Start of Material for this task
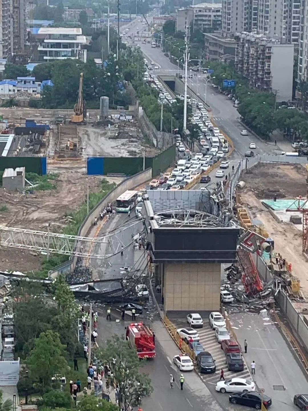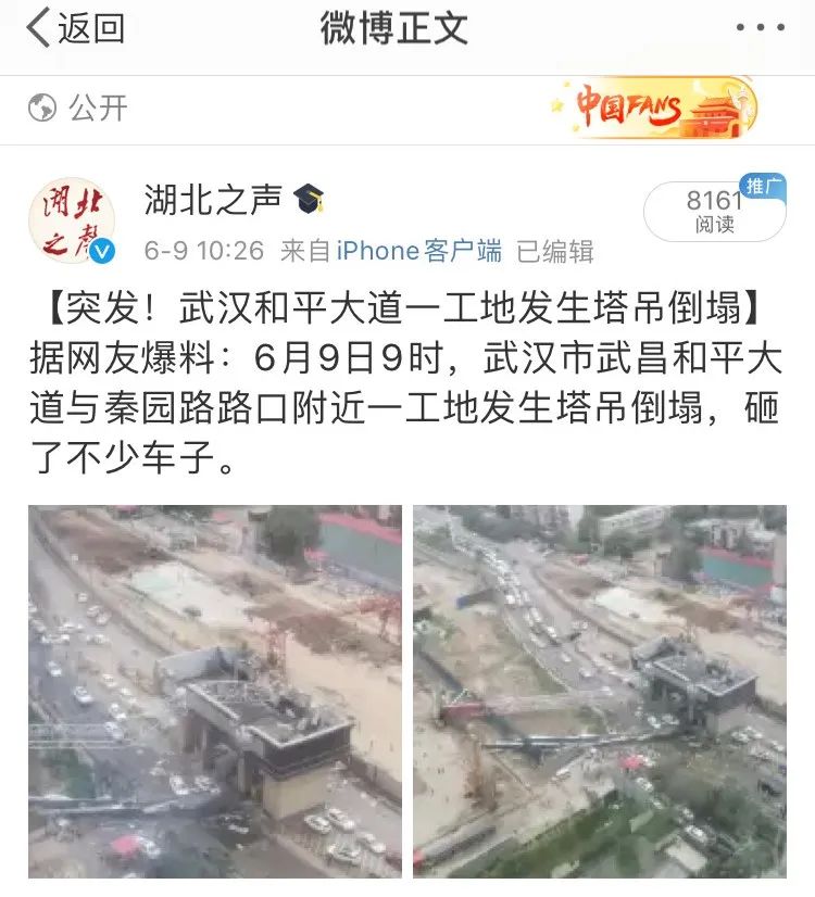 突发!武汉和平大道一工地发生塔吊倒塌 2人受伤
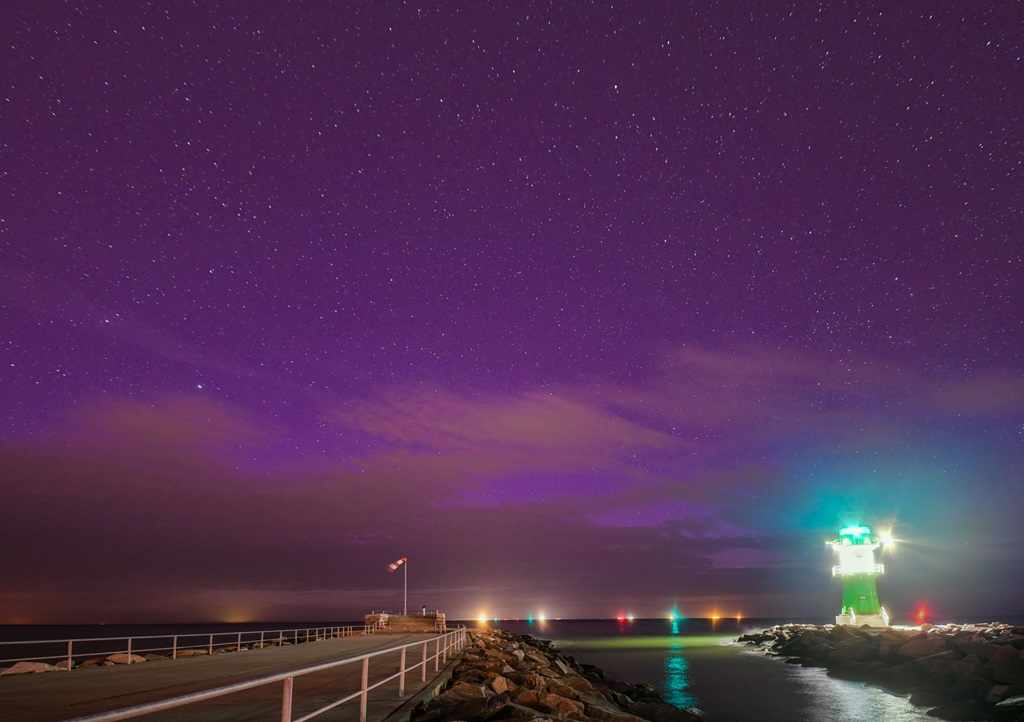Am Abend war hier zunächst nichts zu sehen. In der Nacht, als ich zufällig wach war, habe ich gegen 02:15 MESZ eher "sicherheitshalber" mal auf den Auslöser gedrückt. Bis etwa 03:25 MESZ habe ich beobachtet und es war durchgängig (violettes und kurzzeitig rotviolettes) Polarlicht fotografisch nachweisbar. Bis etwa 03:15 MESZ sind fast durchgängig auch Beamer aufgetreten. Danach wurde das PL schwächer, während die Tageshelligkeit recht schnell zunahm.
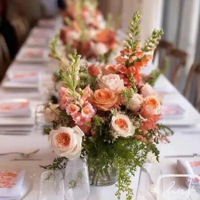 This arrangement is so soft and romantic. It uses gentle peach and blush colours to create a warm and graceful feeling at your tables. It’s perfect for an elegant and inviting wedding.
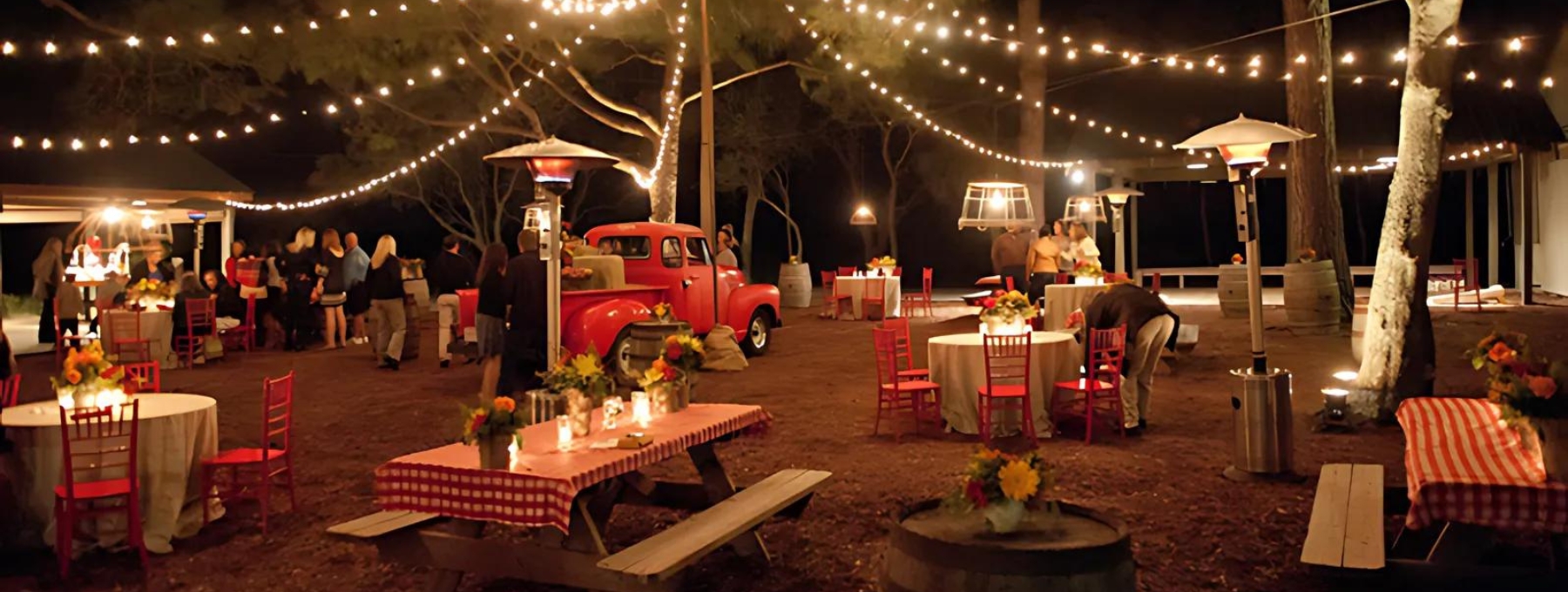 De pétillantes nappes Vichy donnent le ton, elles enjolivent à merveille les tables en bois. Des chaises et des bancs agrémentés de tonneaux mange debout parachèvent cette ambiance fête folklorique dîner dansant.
End of Material for this task
Start of Material for this task
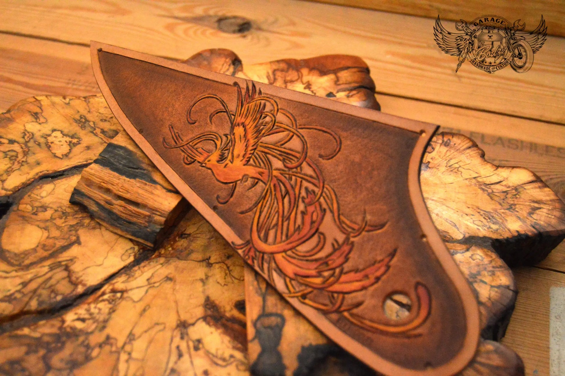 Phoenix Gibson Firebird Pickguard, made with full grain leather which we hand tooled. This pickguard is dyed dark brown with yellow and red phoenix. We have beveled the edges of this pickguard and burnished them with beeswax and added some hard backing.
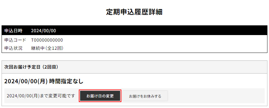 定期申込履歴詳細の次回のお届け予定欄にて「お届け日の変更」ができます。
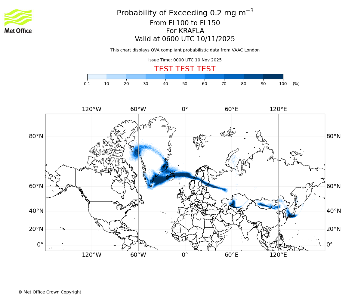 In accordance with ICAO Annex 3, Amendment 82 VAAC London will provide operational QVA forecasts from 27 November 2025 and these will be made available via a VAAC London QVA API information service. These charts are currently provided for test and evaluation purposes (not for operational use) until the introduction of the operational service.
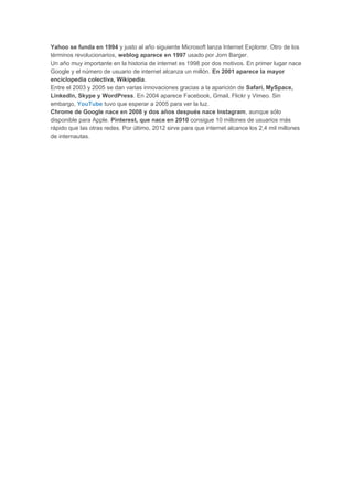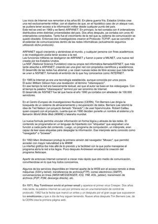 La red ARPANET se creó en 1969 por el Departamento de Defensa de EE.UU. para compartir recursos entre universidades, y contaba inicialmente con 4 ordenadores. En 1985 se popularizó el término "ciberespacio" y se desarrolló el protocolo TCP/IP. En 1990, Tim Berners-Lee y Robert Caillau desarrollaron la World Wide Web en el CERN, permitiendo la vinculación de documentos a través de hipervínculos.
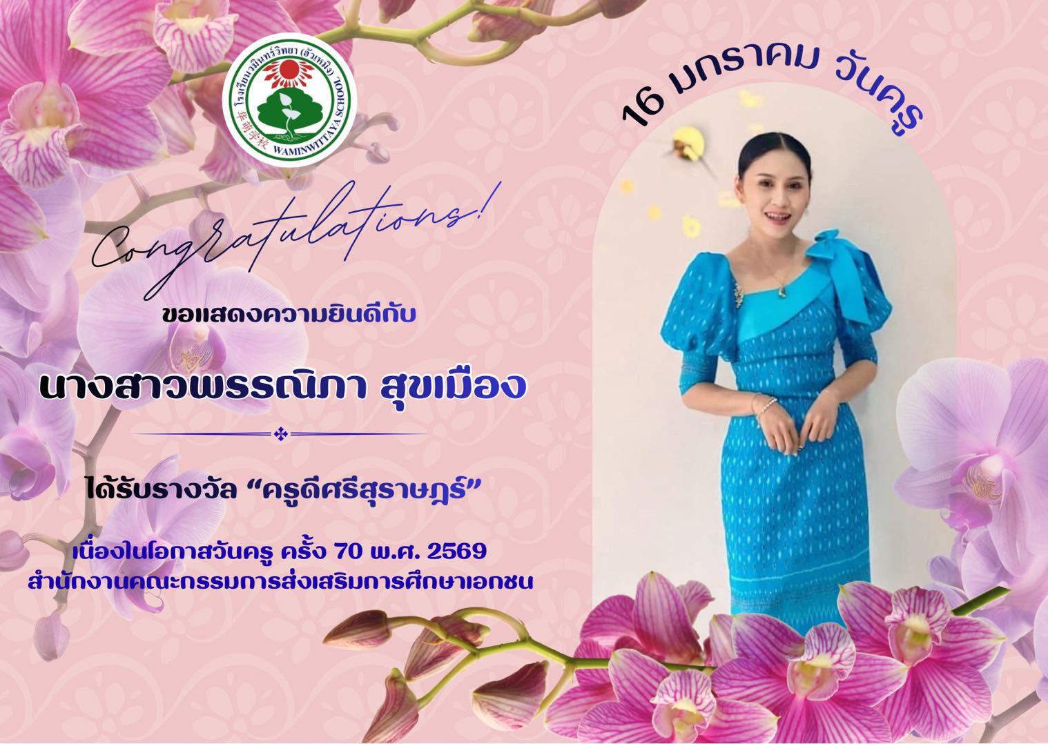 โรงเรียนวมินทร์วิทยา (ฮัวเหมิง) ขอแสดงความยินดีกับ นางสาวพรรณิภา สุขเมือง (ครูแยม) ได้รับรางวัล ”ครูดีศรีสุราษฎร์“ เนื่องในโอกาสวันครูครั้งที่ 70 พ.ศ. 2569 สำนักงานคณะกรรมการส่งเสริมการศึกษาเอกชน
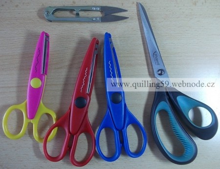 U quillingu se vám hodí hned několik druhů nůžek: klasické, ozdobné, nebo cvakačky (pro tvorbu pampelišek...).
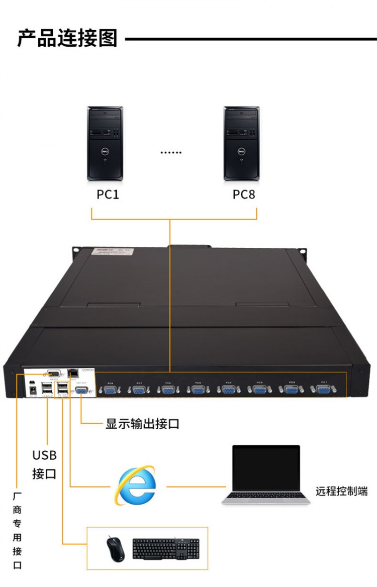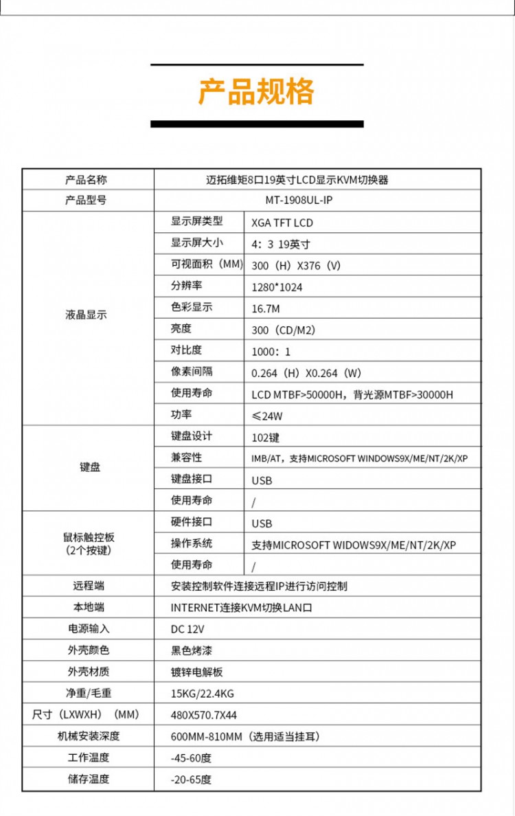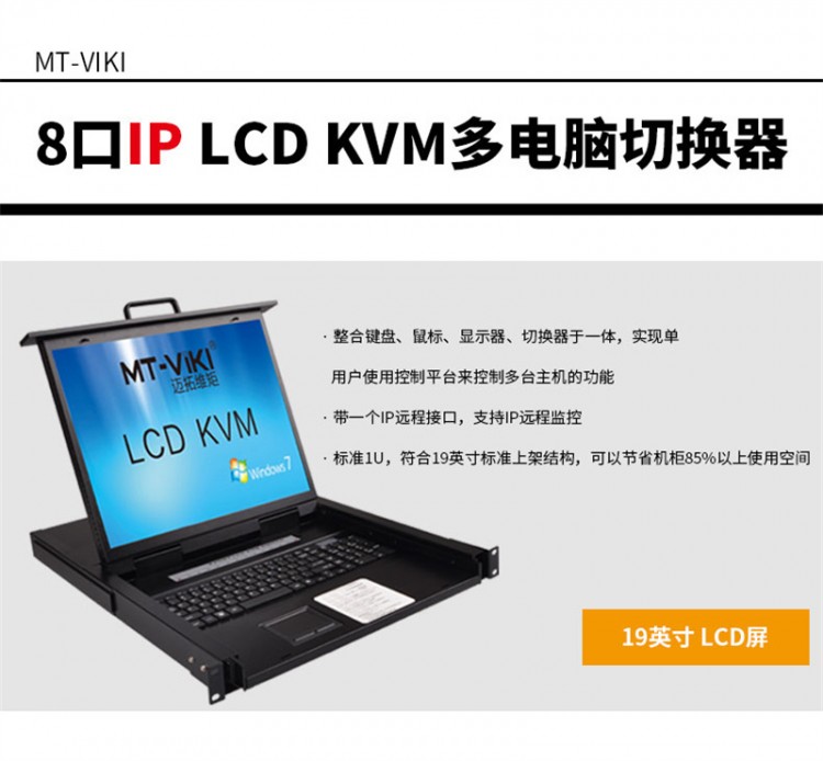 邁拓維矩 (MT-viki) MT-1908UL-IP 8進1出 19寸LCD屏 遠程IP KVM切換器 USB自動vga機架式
End of Material for this task
Start of Material for this task
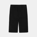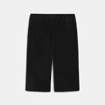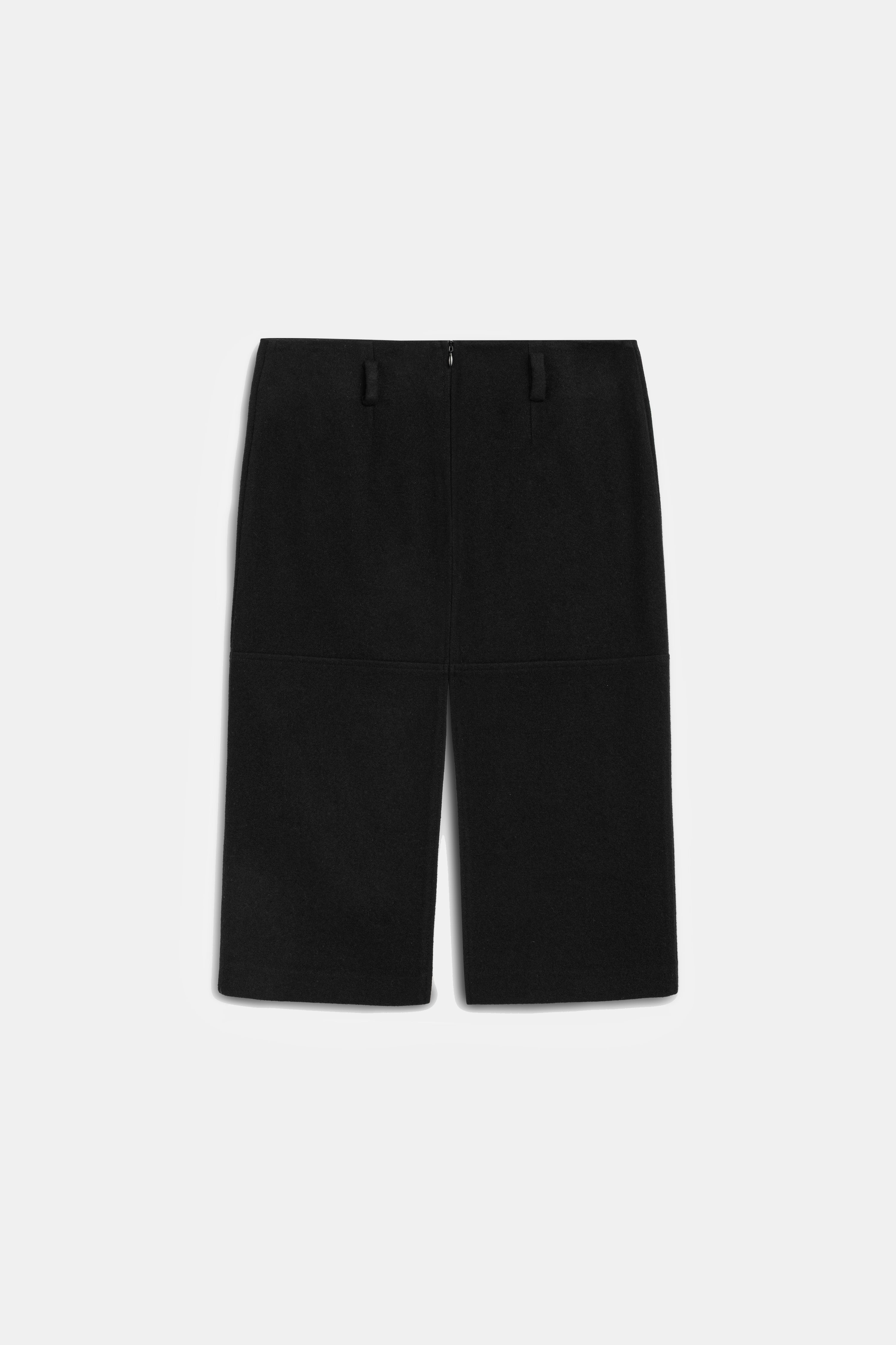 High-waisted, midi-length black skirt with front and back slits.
End of Material for this task
_What to work on_:
Your answer is the exact run of lines above from the one with "突发!武汉和平大道一工地发生塔吊倒塌 2人受伤" through the one with "De pétillantes nappes", both ends included, minus any picture.

_Written solution_:
 突发!武汉和平大道一工地发生塔吊倒塌 2人受伤
Am Abend war hier zunächst nichts zu sehen. In der Nacht, als ich zufällig wach war, habe ich gegen 02:15 MESZ eher "sicherheitshalber" mal auf den Auslöser gedrückt. Bis etwa 03:25 MESZ habe ich beobachtet und es war durchgängig (violettes und kurzzeitig rotviolettes) Polarlicht fotografisch nachweisbar. Bis etwa 03:15 MESZ sind fast durchgängig auch Beamer aufgetreten. Danach wurde das PL schwächer, während die Tageshelligkeit recht schnell zunahm.
 This arrangement is so soft and romantic. It uses gentle peach and blush colours to create a warm and graceful feeling at your tables. It’s perfect for an elegant and inviting wedding.
 De pétillantes nappes Vichy donnent le ton, elles enjolivent à merveille les tables en bois. Des chaises et des bancs agrémentés de tonneaux mange debout parachèvent cette ambiance fête folklorique dîner dansant.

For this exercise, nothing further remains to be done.